An Equestrian Fitness Guide: Top Ten Tips

Apr 12, 2019 | Equestrian, Gym

The world’s top equestrians know they need to spend time at the gym. In a recent article on CNN, Olympian Laura Kraut talks about how equestrian fitness has become an integral part of her training regimen. “I work out regularly, probably more four or five days of the week,” Kraut, a 52-year-old American who won team gold at the 2008 Beijing Games, told CNN. “Particularly as I am getting older, I feel like it’s more and more important to keep your core strong because so much of riding is balance,” she said.

Off- Horse Training

As a rider, you’ve probably experienced this for yourself. You know that when you are fit you are stronger, have better reflexes, are less prone to injury, and have more endurance. Riding is excellent physical exercise but it’s not enough for equestrians who want to be five star riders. After all, your horse has a training regimen that you follow faithfully. If training is good for your horse, it has to be good for you too.

Incorporating a on off-horse fitness program into an already busy life can seem impossible, but the very best riders all do it. In particular, it requires a strong desire for self-improvement, self-discipline, and the determination to rise to the next challenge. As an equestrian athlete, you apply self-discipline to all areas of your life. Thus, your physical fitness training regimen should be one of those things. Here are the top ten things we think you should include in your equestrian fitness program.

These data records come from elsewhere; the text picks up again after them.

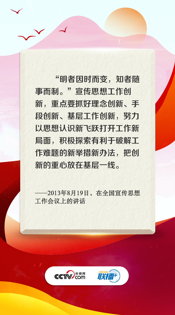 如何用創(chuàng)新打造宣傳思想工作的強(qiáng)大引擎?如何在創(chuàng)新中贏得主動權(quán)?回顧習(xí)近平總書記這些重要論述,央視網(wǎng)《聯(lián)播+》與您一起學(xué)習(xí)。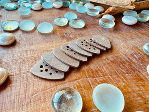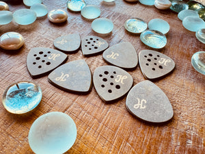 If you've ever played a pick for very long, you'll notice that your picks will start to wear down in a certain way. Our left-handed bevels imitate the worn in feeling that a left-handed person plays.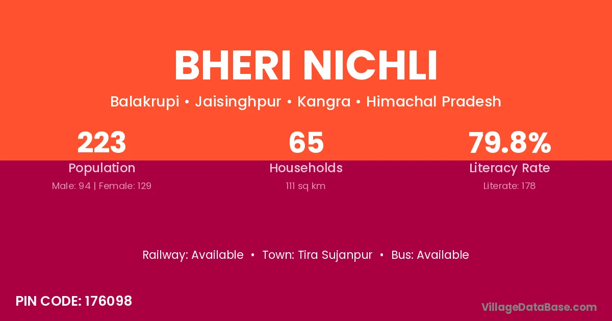 Bheri Nichli village has a total population of 223 people, of which 94 are males and 129 are females.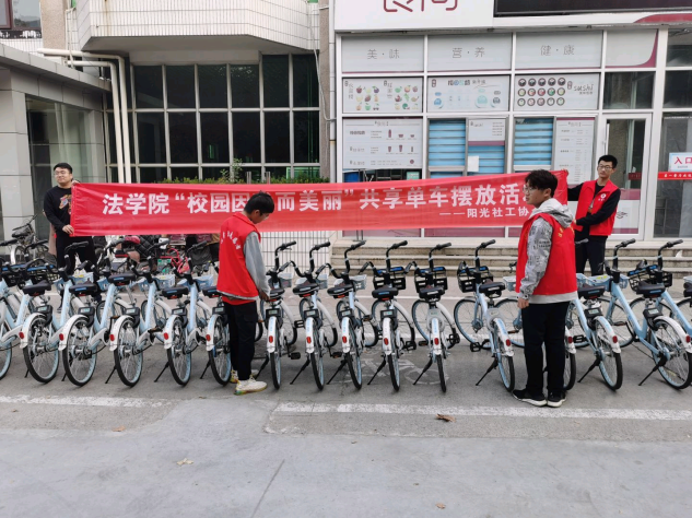 为维护校园整洁和校园秩序,积极响应文明校园常态化建设,10月24日到10月30日,阳光社工协会举办的w88win体育官网入口“校园因我而美丽”共享单车整理摆放活动顺利举行。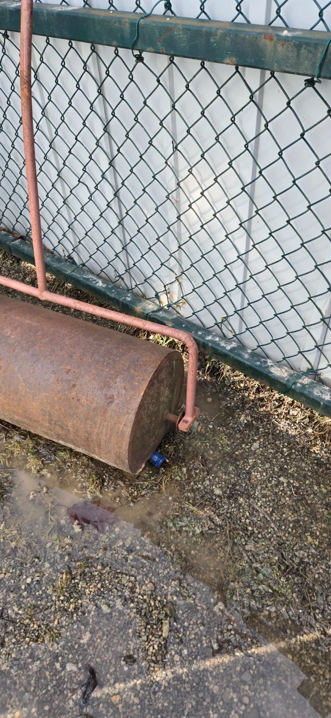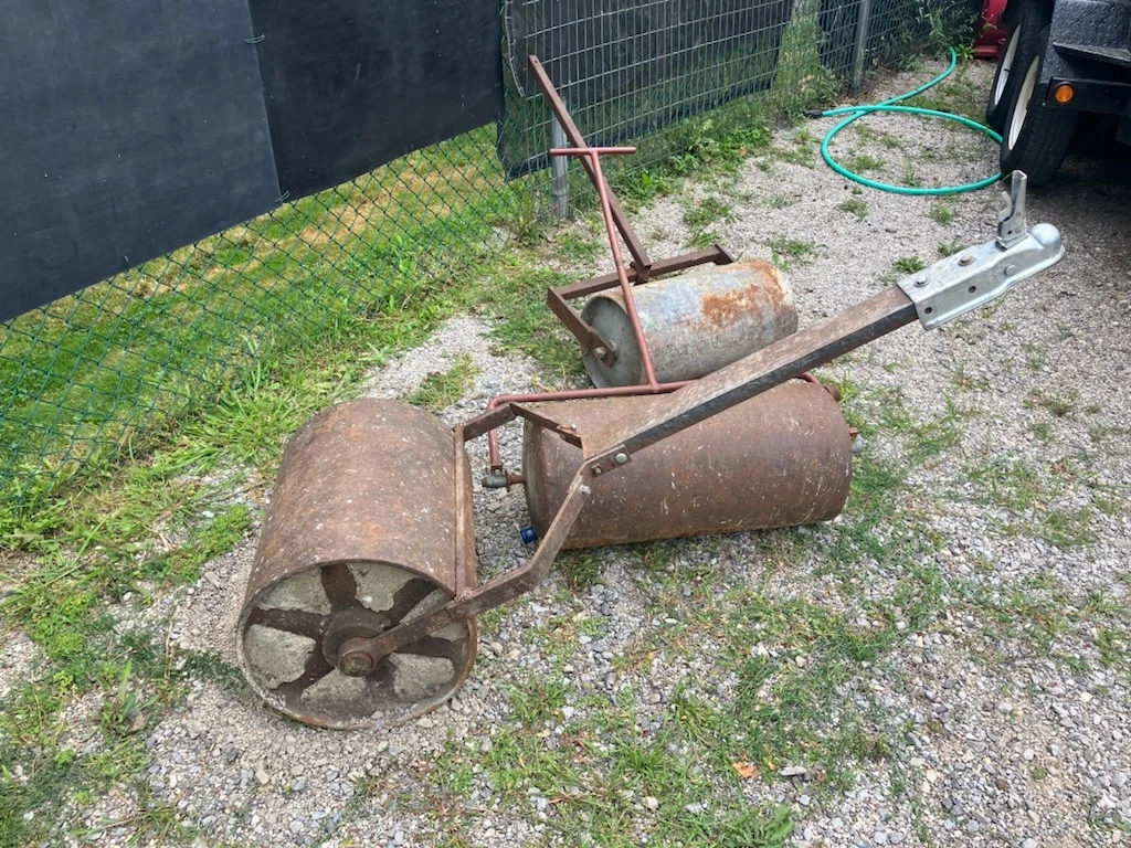 lawn roller. It's a metal drum that can be filled with water or sand for added weight.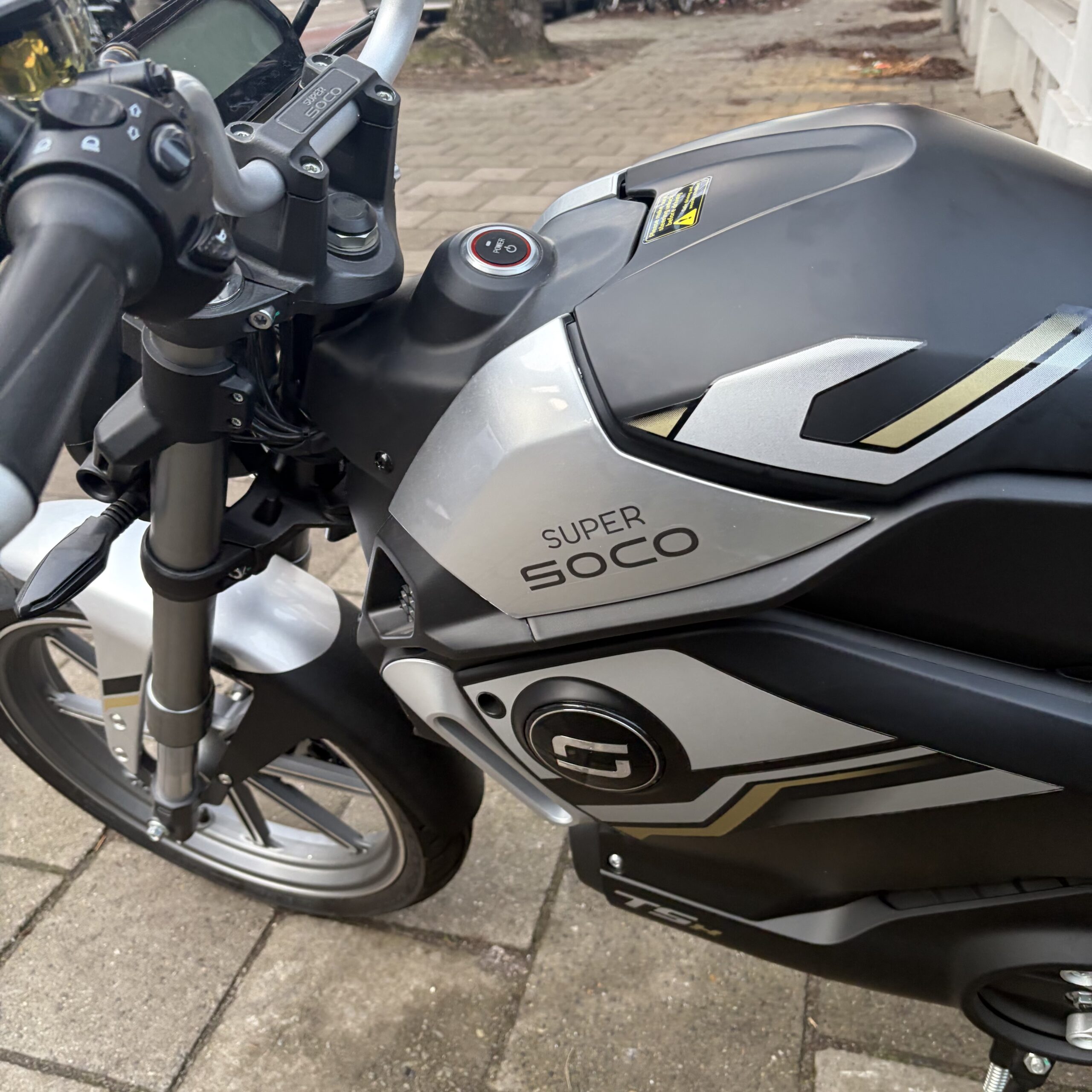 Deze Super Soco TSX in de grijze kleur heeft pas 188 gereden.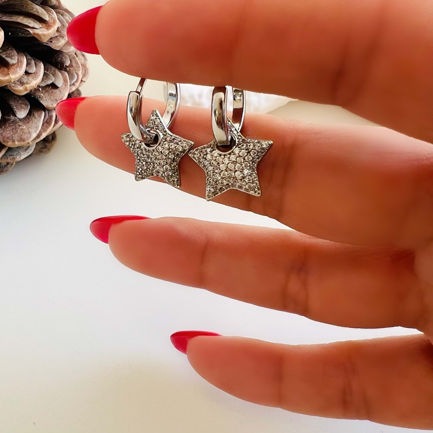Küpe, rodyum kaplama, vip üründür. Ağır kimyasal maddeler ile temas ettirilmediği sürece kararma yapmaz.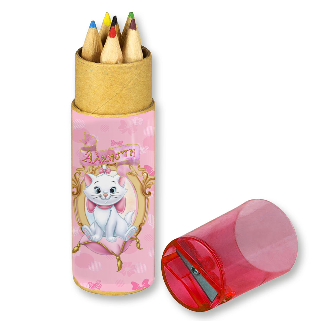 Προσωποποιημένες ξυλομπογιές σε κραφτ κουτάκι με τη γατούλα Marie από την αγαπημένη ταινία της Disney Αριστόγατες, για να χαρίσετε στους καλεσμένους του πάρτυ.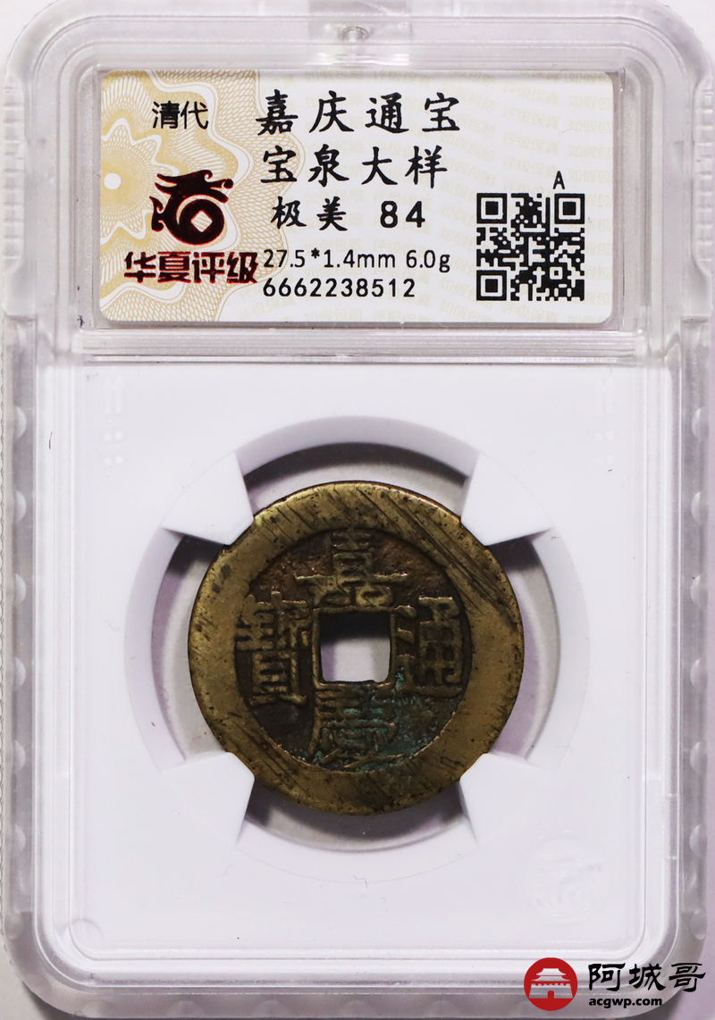 Lot:50 嘉庆通宝 宝泉大样 华夏评级 极美84

Top 10 Equestrian Fitness Tips

  1. Strengthen your core. A strong core is the most important investment you can make in your overall performance as a rider. If you want maximum impact for the time invested, focus on this area of your body. It needs to be strong enough to support excellent posture during your ride. The catch is that you can’t get this strength through riding only. You need to work on it outside of your regular time on the horse.
  2. Increase your overall strength with power lifting and weight training. If you are a physically stronger person it will make you a stronger rider. In addition to burning calories, weight lifting builds strength, increases muscle size, and improves endurance. By adding free weights to your fitness routine, you will move easier and have better balance because you must learn to control the weight as well as lift it.
  3. Increase flexibility by incorporating stretches into your daily routine. Stretching is one of the most underutilized methods of improving athletic performance. You need to stretch to lengthen muscles that get tight from riding. For the best athletic performance, riders should target the calves, hamstrings, hips, and groin. 
  4. Strengthen your hips and legs. Riders rely heavily on their hips and legs to maintain balance and control the horse. Because of this, you need strong quads and glutes. Strength in these muscle areas will also reduce your susceptibility to strains in the groin area and make your lower body more stable.
  5. Increase the mobility and suppleness of your hips and legs for a deep and independent “seat”. The right exercises will give you mobility in your hips and legs (in addition to strength) and contribute to a stable seat.
  6. Increase your cardiovascular capacity with aerobic exercise. Riding in itself doesn’t provide adequate cardiovascular conditioning for competitions. Regular off-horse cardio training will increase your stamina, increase your endurance, and reduce your injuries. 
  7. Strengthen your arms, chest, and shoulders. Your horse is led by the position of your upper body. This means that your chest and shoulders need to be in strong to achieve an effortless independent hand. Use equipment such as a shoulder press, a chest press, or a biceps curl to pay attention to this important, but often forgotten, area of your body.
  8. Strengthen your lumbar muscles. Many riders suffer from lower back pain. If you’re one of them, it can be debilitating and negatively impact your performance. If you lack strength and suppleness in your torso, your body will have a hard time absorbing the repetitive movement that comes from riding. Usually this puts strain on the lower back causing pain and injury. Exercises that strengthen the lumbar area will help. Many riders have success with crunches, Pilates or Swiss ball exercises. If you are experiencing lower back pain, we can work with you to address it. 
  9. Don’t neglect proper nutrition. Traveling and event attendance can thwart even the strongest healthy eating resolutions. In order to perform optimally, your body needs good fuel to feed your strong and limber muscles. This means consuming lots of vegetables, fruits, lean protein, and mineral-rich foods. It’s easier to do at home where you’re in control of what’s available, but much harder to do on the road. Plan ahead so that you’ll have the highest quality food available to you when you need it.
  10. Don’t neglect mental preparation. With all the focus on physical fitness, your psychological state can get pushed down on the priority list. Mental toughness is important to winning competitions. Psychological awareness results in improved reaction time. You’re more likely to move with controlled speed and think to quickly. In addition to training your body, learn how to train your mind to get it into a state of superior psychological readiness. 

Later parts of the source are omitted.